論文 参考訳(メタデータ) (2025-08-09T16:09:00Z) - Causal Disentanglement for Robust Long-tail Medical Image Generation [80.15257897500578]
そこで本研究では,病的特徴と構造的特徴を独立に生成する新しい医用画像生成フレームワークを提案する。
本稿では,病理所見から導かれる拡散モデルを用いて病理像をモデル化し,種々の対物画像の生成を可能にする。
論文 参考訳(メタデータ) (2025-04-20T01:54:18Z) - Latent Drifting in Diffusion Models for Counterfactual Medical Image Synthesis [55.959002385347645]
遅延ドリフトにより、医療画像に対して拡散モデルを条件付けし、反ファクト画像生成の複雑なタスクに適合させることができる。
我々は,脳MRIと胸部X線による3つの時系列的ベンチマークデータセットを用いて,対物画像生成法について検討した。

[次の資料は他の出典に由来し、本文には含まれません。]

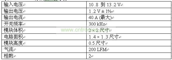 LM3754 高功率密度評估板通過一個12-V 輸入電源供電,提供電壓為12V,電流為40A。該評估板體積大小為2 × 2 英寸,組件占用面積為1.4 × 1.3 英寸。每個相的開關(guān)頻率設(shè)定為300kHz。表1 對上述及其他工作條件進行了概括。組件放置在一個4 層板上,層上銅為1 盎司。板上還有一些引腳,用于遠程檢測,另有一個引腳用于獲得輸出電壓余量。
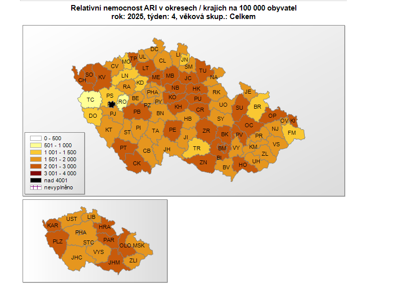 Hlášená celková nemocnost akutními respiračními infekcemi (ARI) v ČR ve 4. týdnu roku 2025 je na úrovni 1940 nemocných na 100 000 obyvatel, což představuje vzestup o téměř 30 % oproti minulému týdnu. V kategorii chřipkových onemocnění (ILI) se pak za stejné období nemocnost zvýšila o téměř 80 %. Jde o očekávaný vývoj v souladu s předchozími respiračními sezónami.
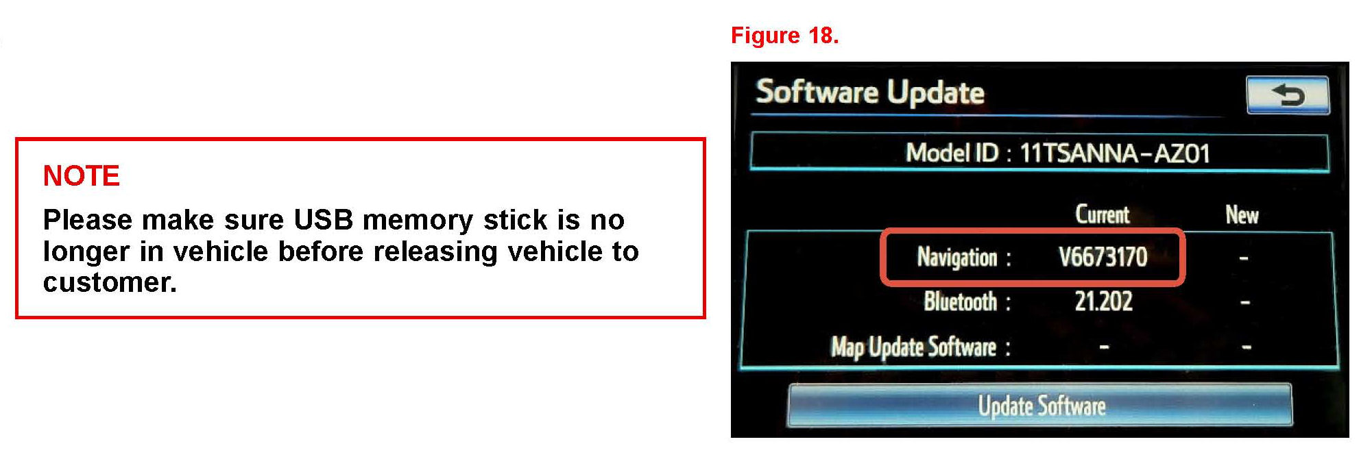 If AVN radio is currently in the "software update" screen, then proceed to step 8.
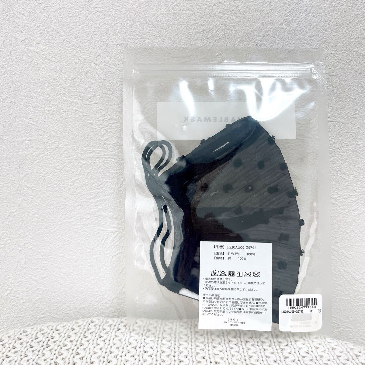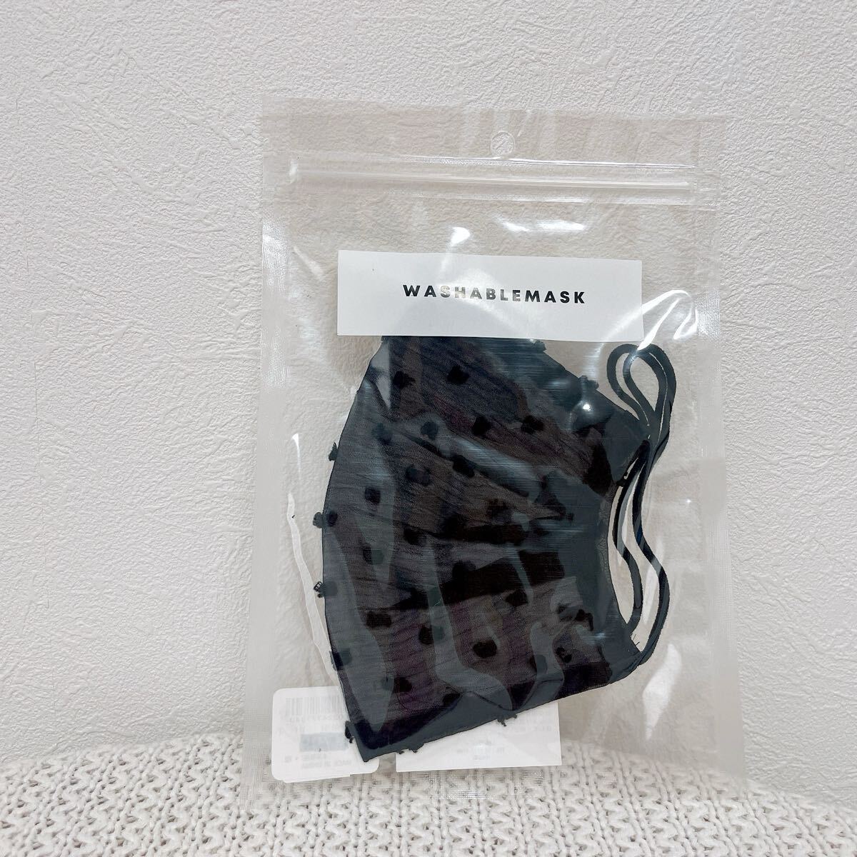 ★新品★ウィゴー ウォッシャブルマスクWEGOマスク布マスク コットンレース黒ブラック3Dプリーツマスク綿100%コットン水玉シフォン ドット
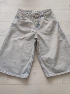 - Ова се модерни, oversized baggy тексас кјулоти во светлосина, излитена нијанса (light-wash denim). Нивниот екстремно широк и опуштен крој им дава удобен и лежерен изглед, додека скратената должина до средината на потколеницата ги прави идеални за летниот период. Со висок струк и класични пет џебови, тие се совршен избор за тренди и опуштени комбинации.
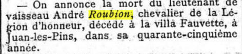 ANTIBES (Alpes-Maritimes) - Décédé le 6 août 1912 à ANTIBES
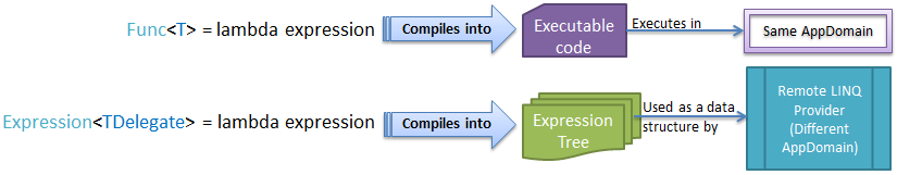 Chúng ta đã biết rằng biểu thức lambda có thể được gán cho kiểu ủy nhiêm Func hoăc Action để sử lý trong bộ nhớ collection. Trình biên dịch .NET chuyển đổi biểu thức được gán cho Func hoặc Action thành mã thực thi tại thời gian biên dịch. Linq giơi thiệu một loại mới có tên gọi là Expression đại diện cho biểu thức lambda mạnh mẽ. Nó có nghĩa là biểu thức lambda cũng có thể được gán cho loại Expression<TDelegate>. Trình biên dich .NET chuyển đổi biểu thức lambda được gán cho biểu thức Expression<TDelegate> thành một cây biểu thức Expression thay vì mã thực thi. Cây biểu thức này được sử dụng để Linq truy vấn từ xa cấu trúc dữ liệu, xây dựng một truy vấn thời gian chạy từ nó (như Linq-to-Sql, entity framework hoặc bất ky một truy vấn Linq nào khác mà có interface là IQueryable<T>. Hình minh họa dưới đây mình họa cho sự khác biệt khi biểu thức lambda được gán cho ủy nhiêm Func hoặc Action và Expression trong Linq.
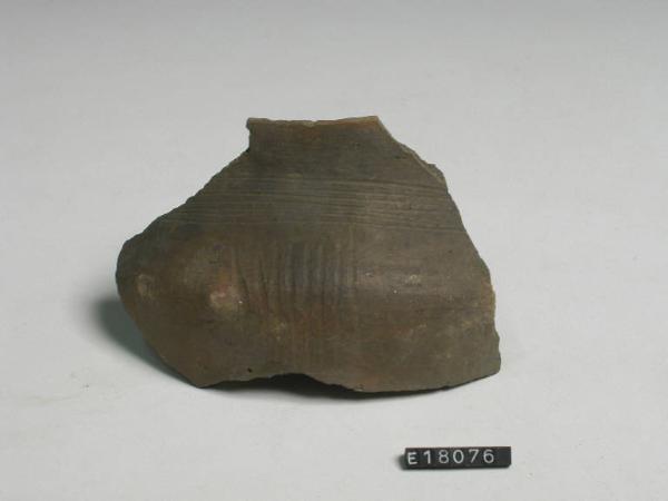 Frammento di orlo e parete pertinenti ad urna; sul collo serie di linee incise orizzontali; lungo la spalla fasci di linee con una presa a bugna.
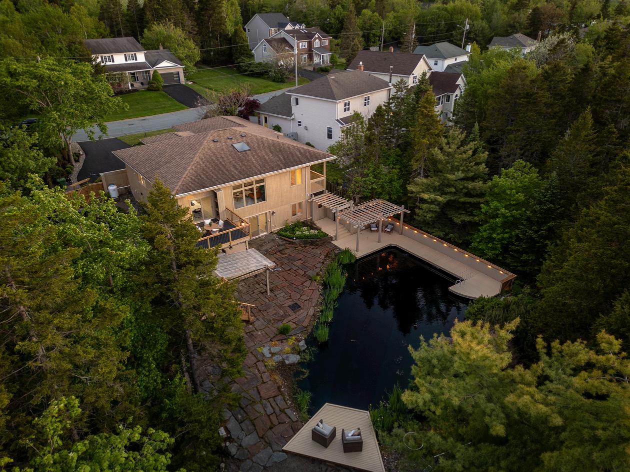 Discover your own urban sanctuary right in the city. This magnificent residence, crafted by renowned Canadian luxury architect Denis Apchin, represents a modern West Coast-inspired design. With two sunlit levels surrounded by a private, mature forest, this home offers multiple entertainment areas and a breathtaking natural swimming pool. Nestled on a cul-desac of executive homes in one of Halifax's most coveted neighborhoods, this property features 6 bedrooms, 4 bathrooms, and 3,568 sq ft of luxurious living space, making it an entertainer's paradise.
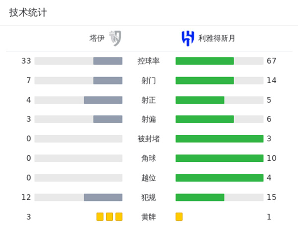 关键事件: 第19分钟,新月右路传中,多萨里中路跟进凌空端射破门,利雅得新月1-0塔伊。
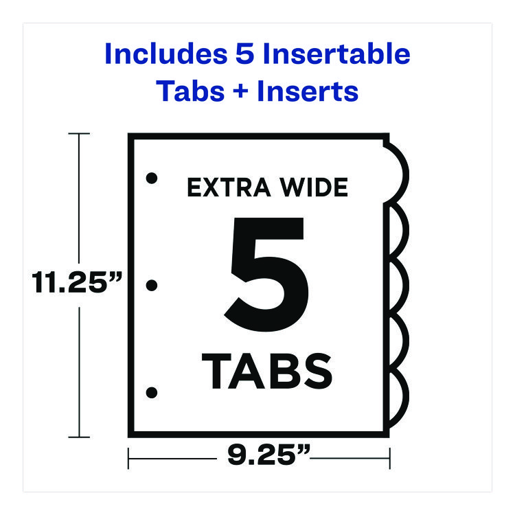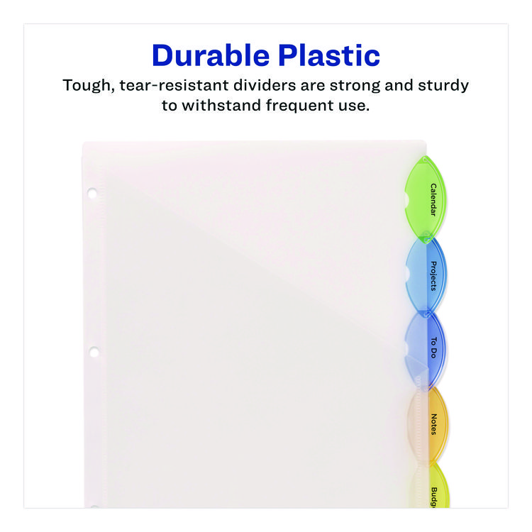 Avery Insertable Style Edge Tab Plastic 1-Pocket Dividers, 5-Tab, 11.25 x 9.25, Translucent, 1 Set (AVE11292)
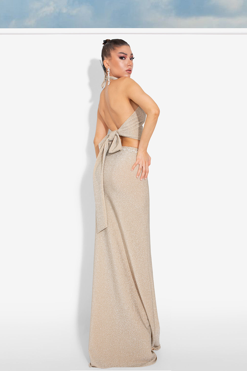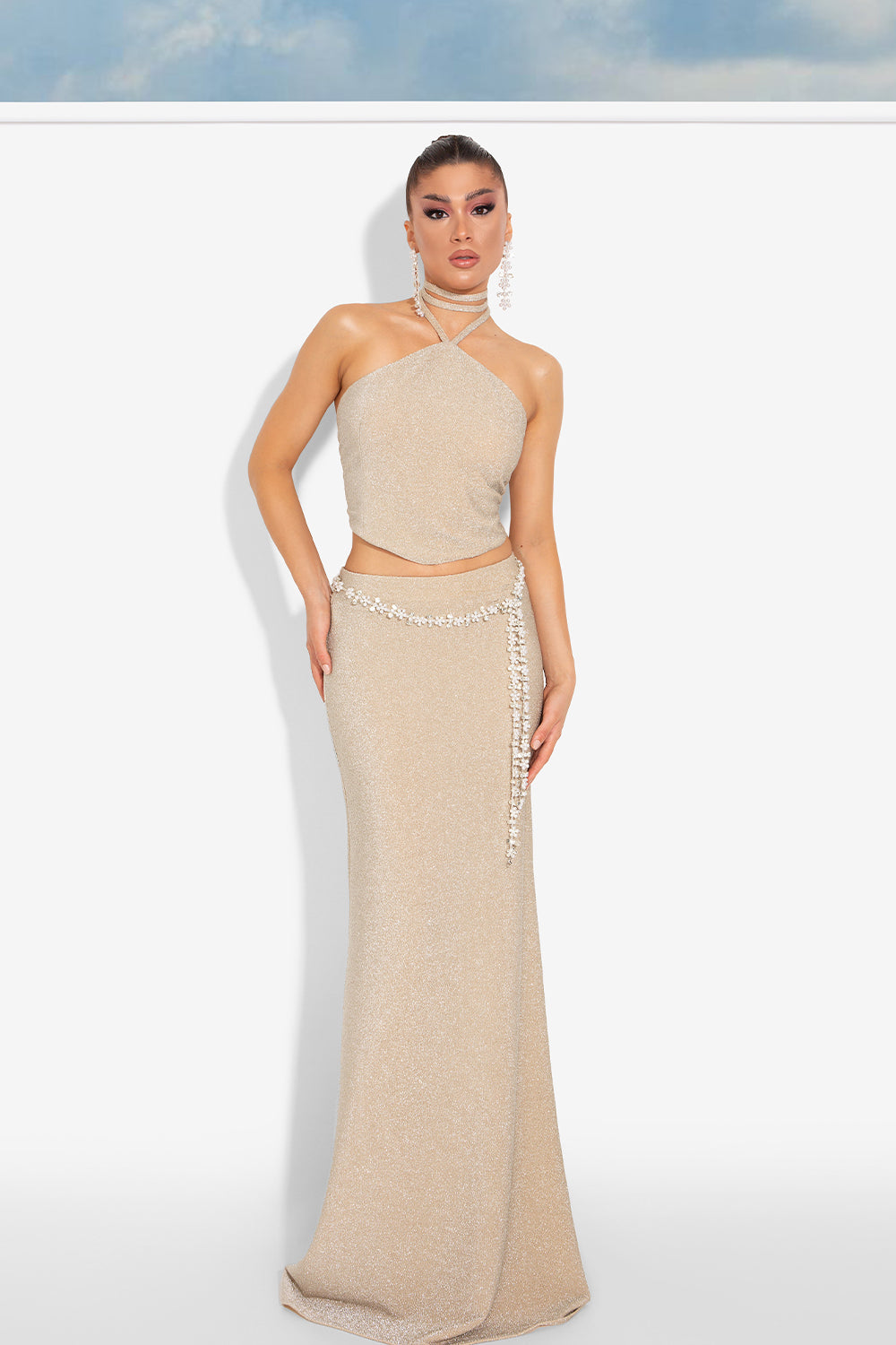 ДЪЛЪГ СЕТ 2 ЧАСТИ ТОП С ПОЛА HENLEY ЛАМЕ ЗЛАТЕН
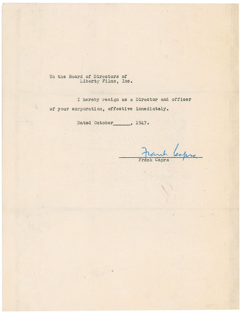 DS, one onionskin page, 8.5 x 11, October 1947. A brief letter of resignation to the board of Liberty Films. In full: “I hereby resign as a Director and officer of your corporation, effective immediately.” In fine condition, with a crease to the lower right corner and scattered light wrinkling.
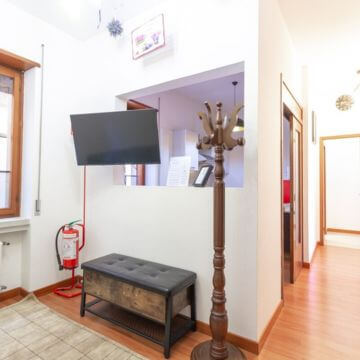Cet appartement bien équipé et au style éclectique offre une atmosphère à la fois fonctionnelle et raffinée. L'entrée s'ouvre sur un long couloir et, grâce à une large ouverture dans le mur, donne sur la cuisine, idéale pour les passionnés de cuisine et de moments conviviaux.
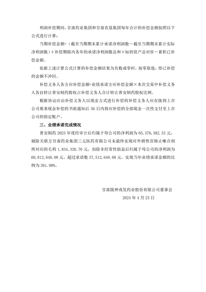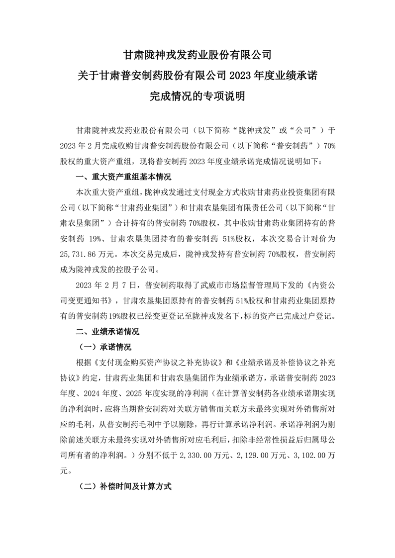 關(guān)于甘肅普安制藥股份有限公司2023年度業(yè)績承諾完成情況的專項(xiàng)說明
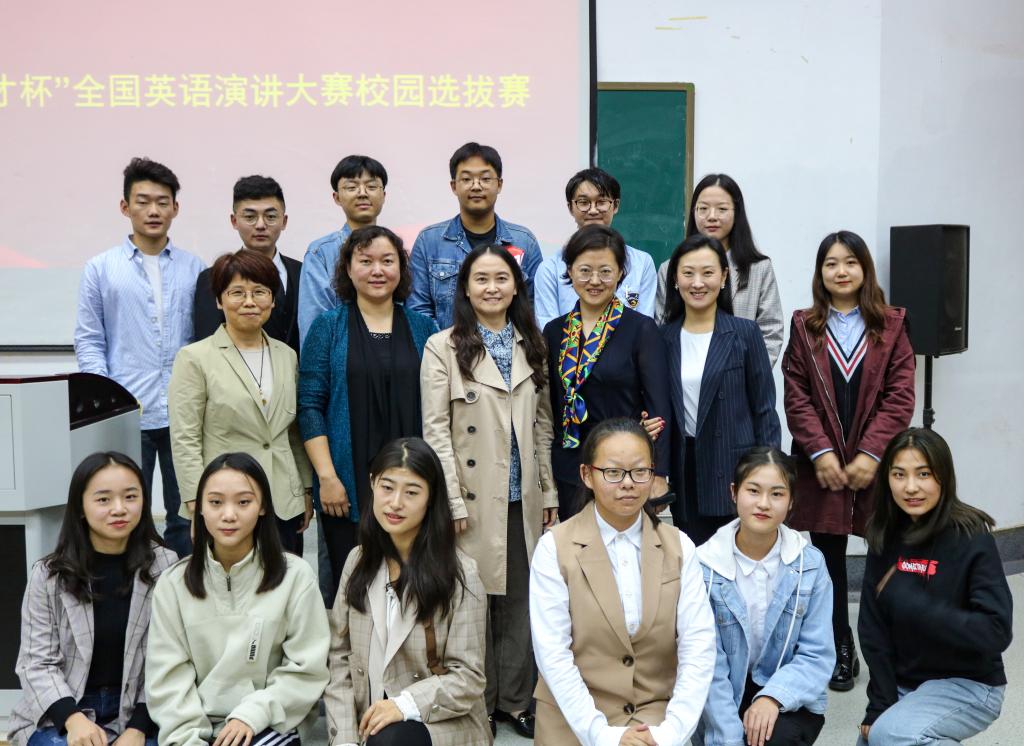 2019年10月11日下午,皇冠博彩 第六届外语技能系列大赛暨“外研社·国才杯”全国英语演讲大赛校园选拔赛在舜耕校区第二阶梯教室举行。高永红、马宏伟、王朋、解玲和张斐瑞五位老师担任评委,2018级英语专业于淑涵和2017级英语专业王哲娴担任主持人,皇冠博彩 各年级同学观摩了演讲比赛。
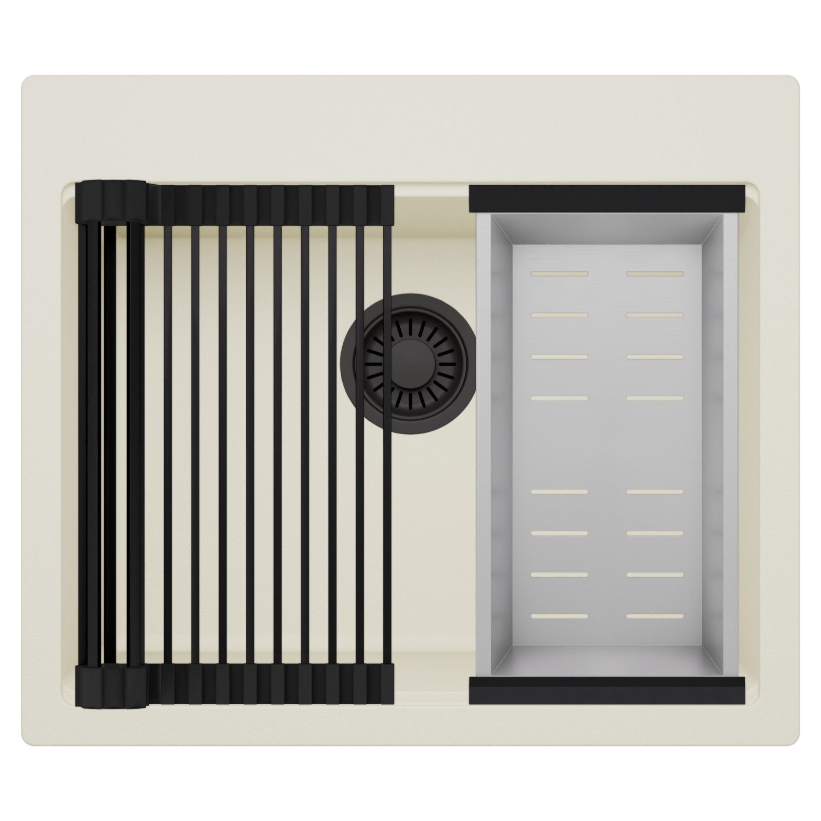 HD Infinity White 58 egymedencés mosogatótálca szett, csepegtetőráccsal és kosárral, tört fehér

論文 参考訳(メタデータ) (2024-12-30T01:59:34Z) - Inpainting Pathology in Lumbar Spine MRI with Latent Diffusion [4.410798232767917]
病理組織学的特徴をMRIで健全な解剖学的特徴に塗布する効率的な方法を提案する。
腰椎椎間板ヘルニアと中心管狭窄に対し,T2 MRIにて椎間板ヘルニアを挿入する能力について検討した。
論文 参考訳(メタデータ) (2024-06-04T16:47:47Z) - Patched Diffusion Models for Unsupervised Anomaly Detection in Brain MRI [55.78588835407174]
本稿では,正常脳解剖のパッチベース推定法として拡散モデルの生成タスクを再構築する手法を提案する。
腫瘍と多発性硬化症について検討し,既存のベースラインと比較して25.1%の改善がみられた。
論文 参考訳(メタデータ) (2023-03-07T09:40:22Z) - Learning Spatio-Temporal Model of Disease Progression with NeuralODEs
from Longitudinal Volumetric Data [4.998875488622879]
我々は,1つの医療スキャンを処理し,加齢関連疾患の進化をモデル化する深層学習手法を開発した。
ジオグラフィック・アトロフィーの場合,提案手法はアトロフィ成長予測において,関連するベースラインモデルよりも優れていた。
アルツハイマー病に対して, 提案法は, 疾患によって引き起こされる脳の心室変化を予測する上で, 顕著な性能を示した。
論文 参考訳(メタデータ) (2022-11-08T13:28:26Z) - Learning Dynamic and Personalized Comorbidity Networks from Event Data
using Deep Diffusion Processes [102.02672176520382]
コンコルビンド病は、個人によって異なる複雑な時間的パターンを通じて発生し進行する。
電子的な健康記録では、患者が持つ異なる疾患を観察できるが、それぞれの共死状態の時間的関係を推測できるだけである。
我々は「ダイナミック・コオービディティ・ネットワーク」をモデル化するための深層拡散プロセスを開発する。
論文 参考訳(メタデータ) (2020-01-08T15:47:08Z)
関連論文リストは本サイト内にある論文のタイトル・アブストラクトから自動的に作成しています。
指定された論文の情報です。
本サイトの運営者は本サイト(すべての情報・翻訳含む)の品質を保証せず、本サイト(すべての情報・翻訳含む)を使用して発生したあらゆる結果について一切の責任を負いません。